### [The records]
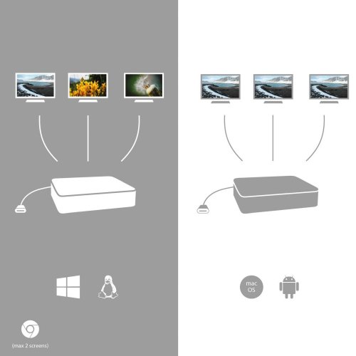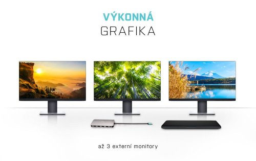 Dokovacia stanica vhodná pre užívateľov pracujúcich s 4K rozlíšením . K počítaču či notebooku sa pripája pomocou USB-C portu s podporou Thunderbolt 3 a je tak schopná na podporovaných zariadeniach prenášať aj napájanie až 100 W. Okrem možnosti pripojiť dva 4K monitory ponúka aj voľbu zapojiť až tri Full HD monitory . Vysokorýchlostný prístup k internetu je možné realizovať cez prítomný RJ-45 port. Pre pripojenie periférií sú prítomné dva USB 3.0 porty , dva USB 2.0 porty a jeden USB-C port pre dáta. Pre pripojenie slúchadiel či mikrofónu potom slúži kombinovaný 3,5 mm konektor .
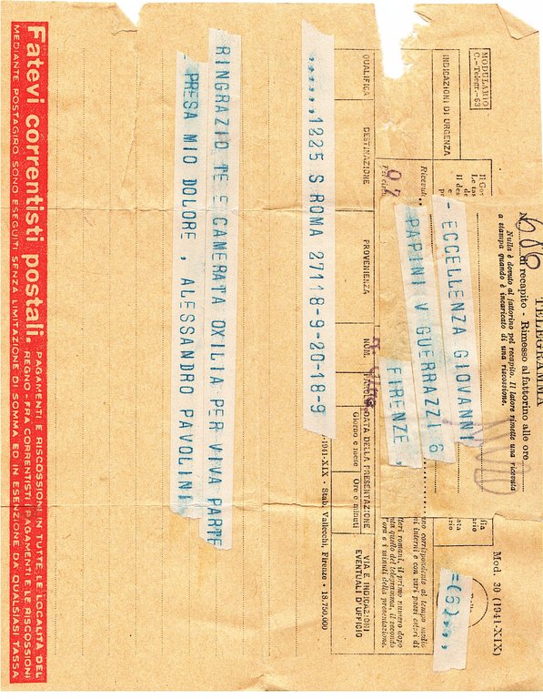 Telegramma postale allo scrittore Giovanni Papini a Firenze
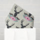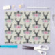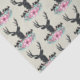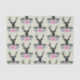 Patterned tissue paper with a black deer head with large antlers. Geometric lines inside the face of the deer adds a creative touch. Colourful pink flowers and mint
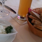 Man servierte uns dann Kräuterquark und zweierlei Sorten Brot. Der Quark hausgemacht und konnte gefallen, das Brot war nichts Besonderes, auch eher trocken. Mittlerweile schlurften die Golfer über den blauen Teppich zum Buffet um sich die Teller voll zu laden. Wir bekamen überraschender Weise einen Gruß aus der Küche…
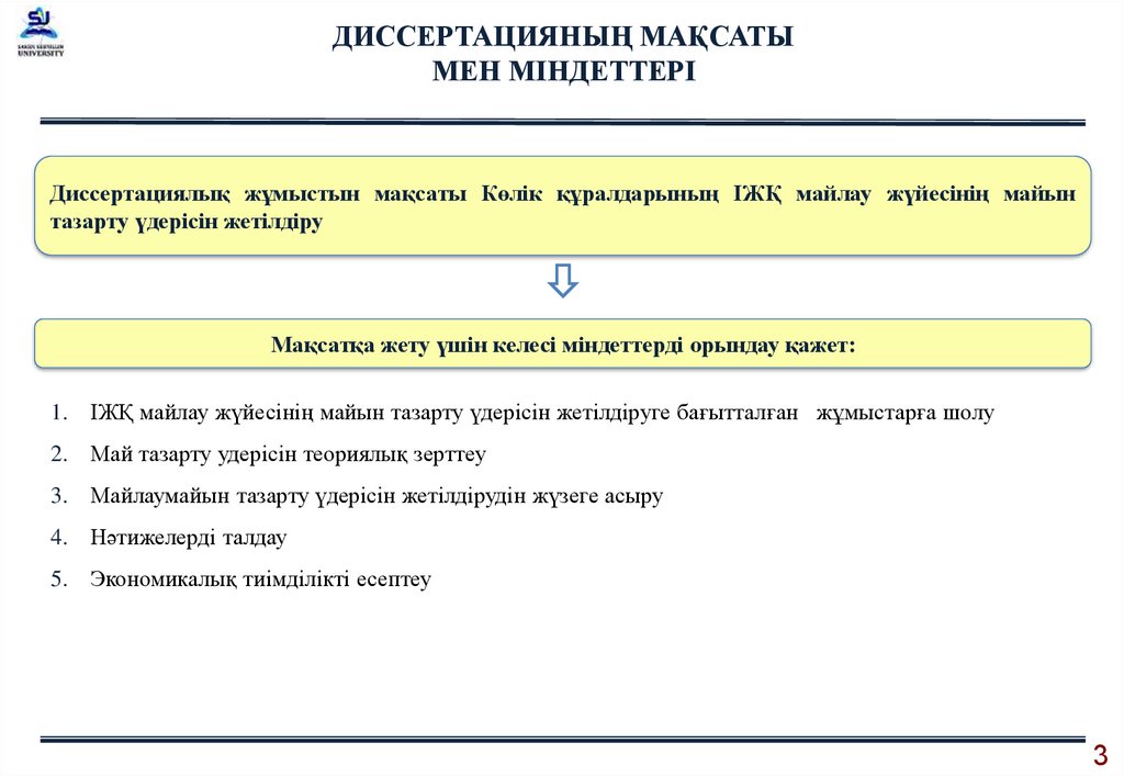 Диссертациялық жұмыстын мақсаты Көлік құралдарының ІЖҚ майлау жүйесінің майын
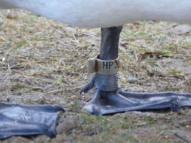 Тут зазначають, що важливо звернути увагу на лапи птахів. Серед них є обкільцьовані орнітологічними кільцями. Написи на кільцях свідчать про міграційні шляхи лебедів.
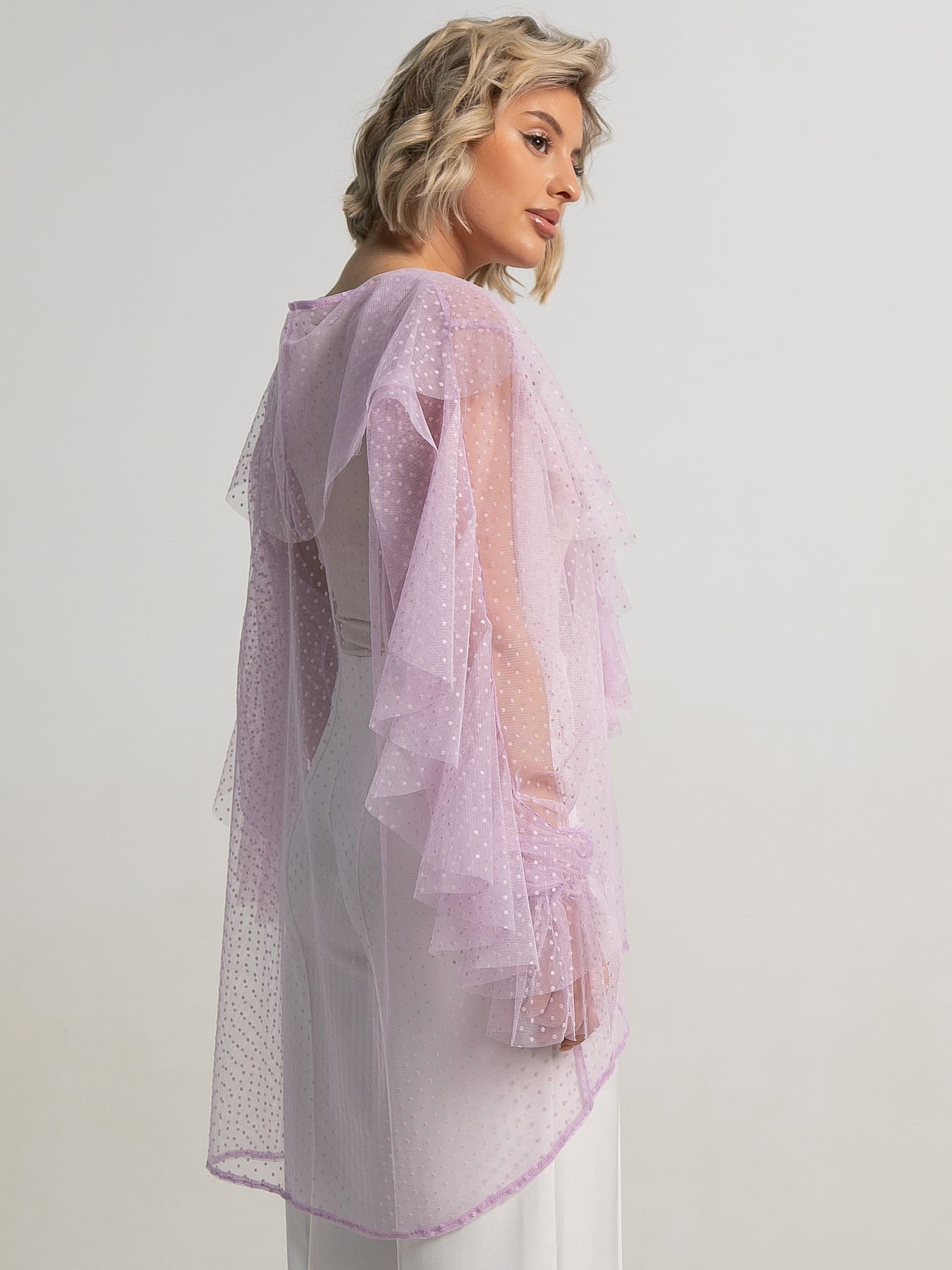 Романтичная блузка из сетки станет идеальным выбором как для торжественных мероприятий, так и для повседневного стиля. Длинные рукава с манжетами на резинке и воланами придают образу элегантность, а V-образный вырез добавляет нотку утонченности. Воланы по рукавам и передней части модели делают блузку особенно женственной и изящной. Комбинируйте ее с джинсами, брюками или юбкой-карандаш для создания делового образа в офисе или нарядного ансамбля для особых случаев.

### [Your objective]
Copy every record above exactly, leaving out the pictures.

### [Answer below]
 Dokovacia stanica vhodná pre užívateľov pracujúcich s 4K rozlíšením . K počítaču či notebooku sa pripája pomocou USB-C portu s podporou Thunderbolt 3 a je tak schopná na podporovaných zariadeniach prenášať aj napájanie až 100 W. Okrem možnosti pripojiť dva 4K monitory ponúka aj voľbu zapojiť až tri Full HD monitory . Vysokorýchlostný prístup k internetu je možné realizovať cez prítomný RJ-45 port. Pre pripojenie periférií sú prítomné dva USB 3.0 porty , dva USB 2.0 porty a jeden USB-C port pre dáta. Pre pripojenie slúchadiel či mikrofónu potom slúži kombinovaný 3,5 mm konektor .
 Telegramma postale allo scrittore Giovanni Papini a Firenze
 Patterned tissue paper with a black deer head with large antlers. Geometric lines inside the face of the deer adds a creative touch. Colourful pink flowers and mint
 Man servierte uns dann Kräuterquark und zweierlei Sorten Brot. Der Quark hausgemacht und konnte gefallen, das Brot war nichts Besonderes, auch eher trocken. Mittlerweile schlurften die Golfer über den blauen Teppich zum Buffet um sich die Teller voll zu laden. Wir bekamen überraschender Weise einen Gruß aus der Küche…
 Диссертациялық жұмыстын мақсаты Көлік құралдарының ІЖҚ майлау жүйесінің майын
 Тут зазначають, що важливо звернути увагу на лапи птахів. Серед них є обкільцьовані орнітологічними кільцями. Написи на кільцях свідчать про міграційні шляхи лебедів.
 Романтичная блузка из сетки станет идеальным выбором как для торжественных мероприятий, так и для повседневного стиля. Длинные рукава с манжетами на резинке и воланами придают образу элегантность, а V-образный вырез добавляет нотку утонченности. Воланы по рукавам и передней части модели делают блузку особенно женственной и изящной. Комбинируйте ее с джинсами, брюками или юбкой-карандаш для создания делового образа в офисе или нарядного ансамбля для особых случаев.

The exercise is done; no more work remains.